The views of the canyon are wonderful from both above and below, but the nicest way to take in the vistas is on an easy half-day’s drive along the canyon lip. Some 3km north of Graskop, the R534 does a 15km loop past a series of superb viewpoints. The road winds through pine plantations until it comes to the turn-off to the Pinnacle, a gigantic quartzite column topped with trees, rising out of a ferny gorge. After another 4km the road reaches the sheer drop and lowveld views of God’s Window, one of the most famous of the viewpoints; it’s also one of the most developed, with toilets and curio stalls.
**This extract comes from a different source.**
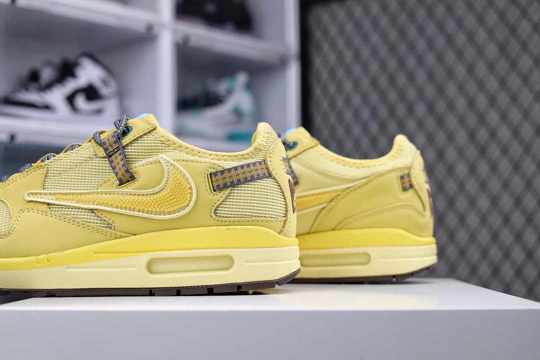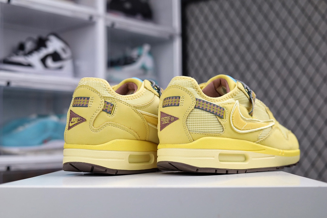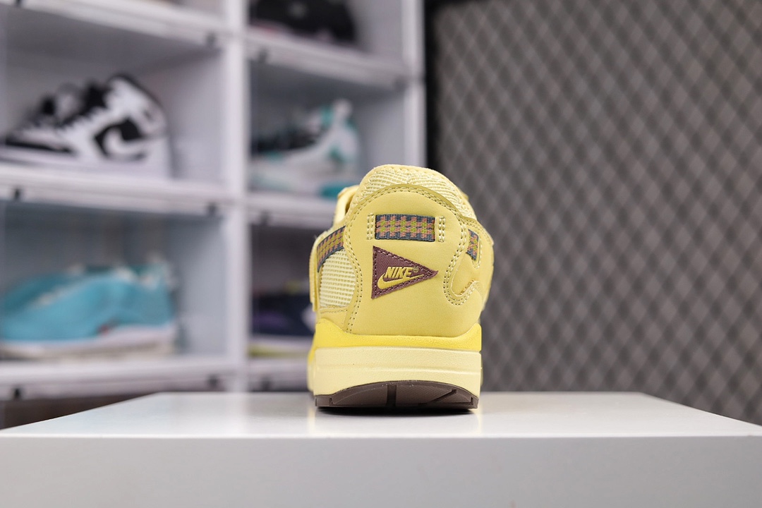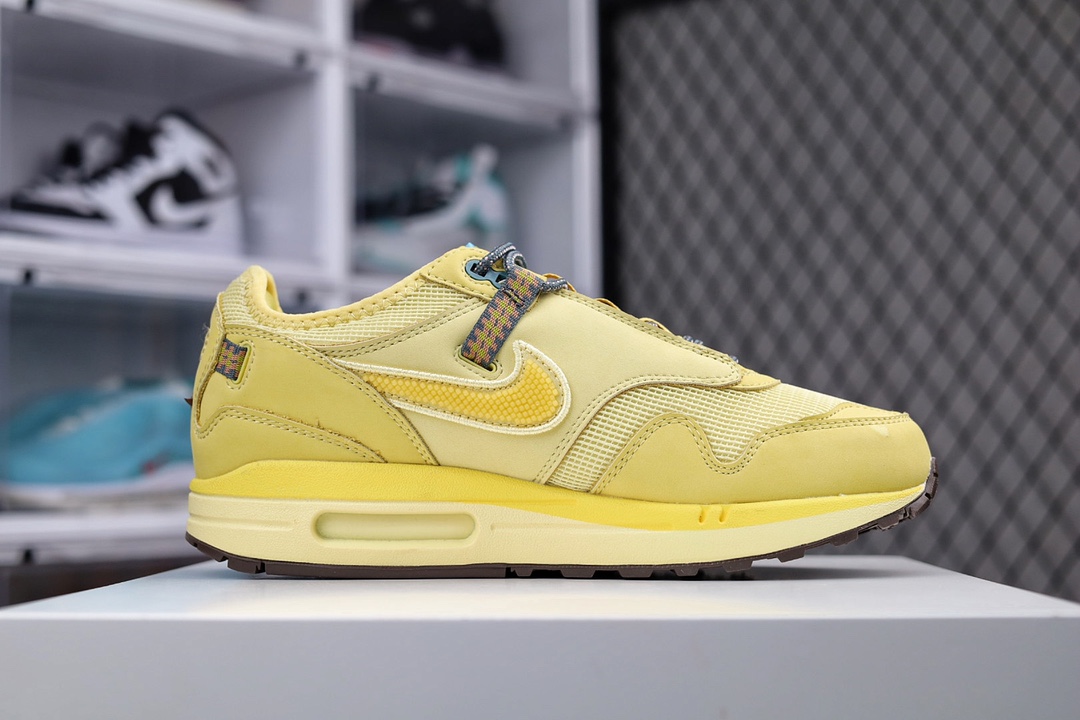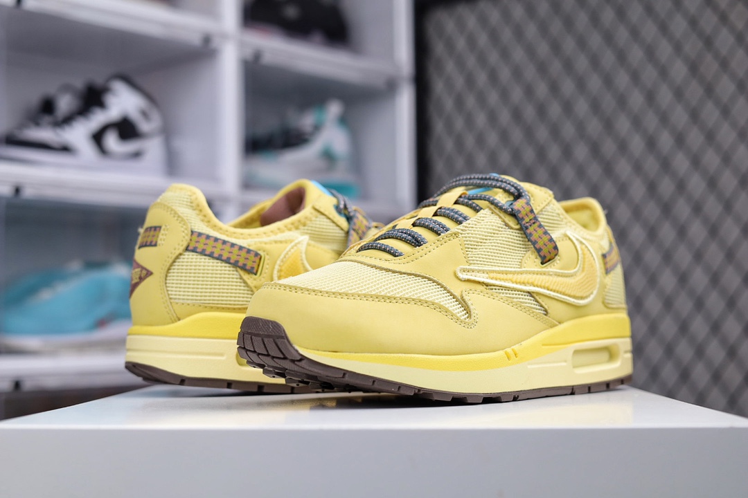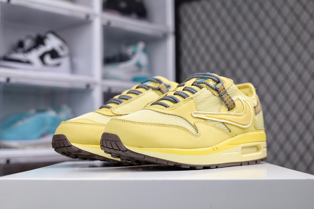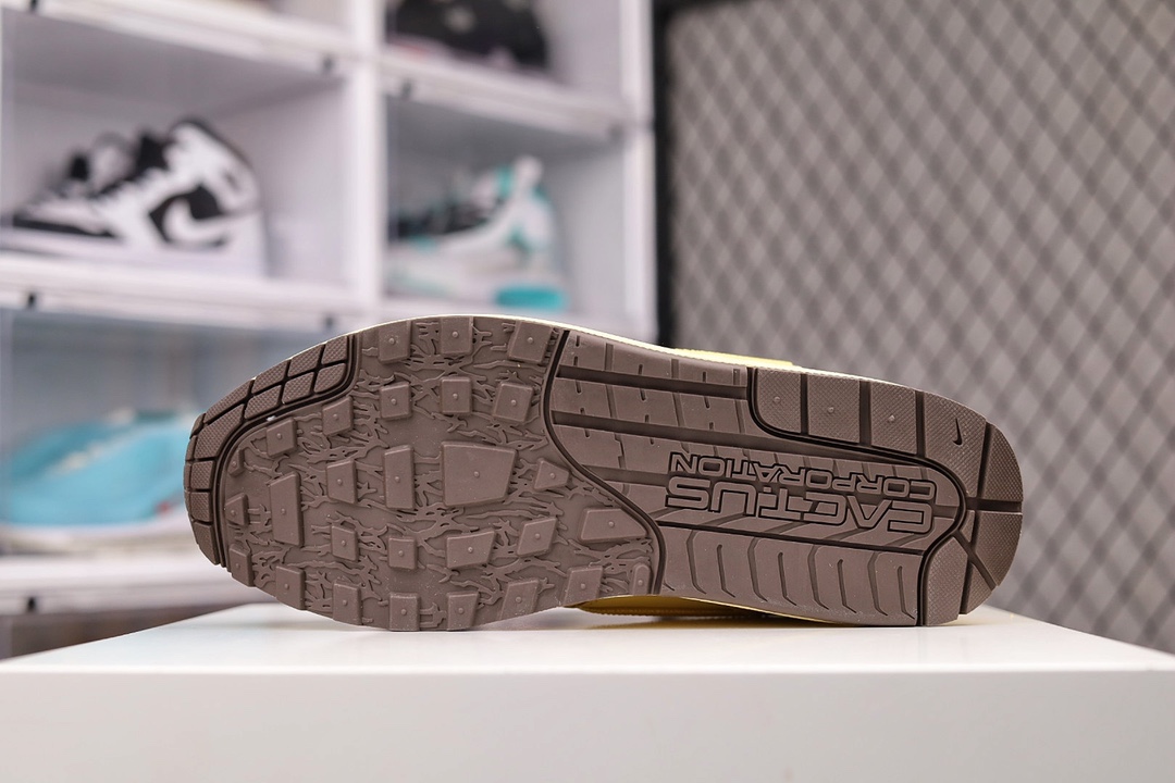 H0 Travis Scott x NK Air Max 1 “Cactus Jack” 重磅联名 棕黄 鞋款采用棕色及乳白色打造鞋面,在鞋款前后部分皆包裹有咖啡色护边。鞋侧的 Swoosh 依旧进行了倒置处理,也是 Travis Scott 的标志性设计。鞋款后跟处点缀有三角形 Logo,鞋底部分采用黄色搭配深色外底打造。鞋舌、鞋跟均有彰显联名身份的图案装点,材质上则是尼龙网面、磨砂皮革等组合而成,质感、细节均有着不错的表现×558XQ

The looping road returns to rejoin the R532, which continues north for 28km beyond the turn-off to reach Bourke’s Luck Potholes at the confluence of the Treur and Blyde rivers – a collection of strange, smoothly scooped formations carved into the rocks by water-driven pebbles. The best view of all lies 14km beyond, at the Three Rondavels. The name describes only one small feature of this cinemascope vista: three cylinders in the shape of huts with the meandering Blyde River twisting its way hundreds of metres below. No photograph does justice to the sheer enormity of the view, punctuated by one series of cliffs after another buttressing into the valley.
The 90km drive from the Three Rondavels viewpoint to the base of the canyon provides spectacular views of the Escarpment cliffs rising out of the lowveld and is easily incorporated into your itinerary if you’re heading to or from Kruger. The drive winds west to join with the R36 and heads north to begin its descent through the Abel Erasmus Pass and then the J.G. Strijdom Tunnel through the mountain, with the wide lowveld plains opening out on the other side. The road takes a wide arching trajectory to circumnavigate the canyon.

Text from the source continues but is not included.